Lucys PoV:
It's been a year since I've known daniel, nobody knows yet but I love him...I really do. The way he smiles, the way he talks, the dopy things that come out of his mouth, I don't know how to stop myself anymore. We've been best friends for the past year, we do everything together and sometimes that's all I need to get me through my life. I know if we date I'd get billions of hate, just like my best friend Kiana gets with Luke, I'm already getting hate for posting a photo on Twitter with him... I can't imagine how much hate I'd get if we started dating, but I'm willing to get that hate if Daniels the outcome of it. We are going shopping in an hour and maybe I'll think about telling him how I feel, I just hope to god that dopy shit likes me back.Daniels PoV:
Lucy told me how she felt today...I don't know whether I'm over the moon or I want to move country but I know one thing is that I like her back...no wait I really fucking like her back, I fucking love that girl more than yu-gi-oh and that's something.
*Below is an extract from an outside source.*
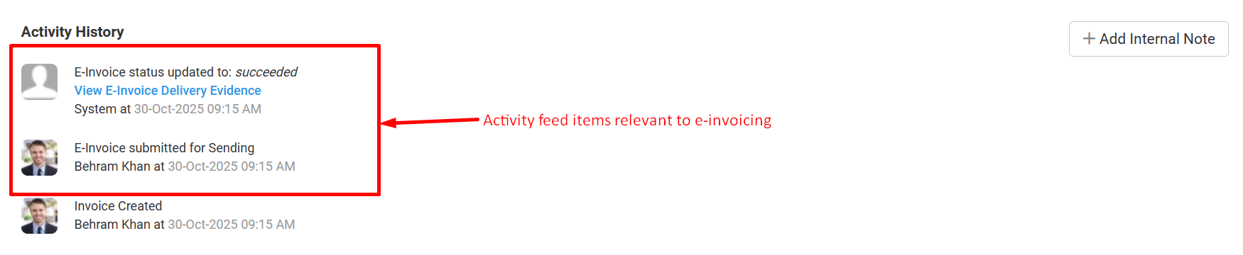 New Activity Feed on Invoice Details Page regarding E-invoice

I'm just scared... I've never been in a real relationship before and I don't know if I'm ready but I'm sure as hell going to try, but there's one thing I don't want this relationship to ruin and that is our friendship. I can't believe what I did when she told me her feelings, she probably hates me I'm such a dick! I was scared, confused, I never thought a girl like her would ever be serious about a guy like me, I've always been told I'm ugly, worthless but when she told me her feelings..I don't know what happened, I hope she'll give me another chance.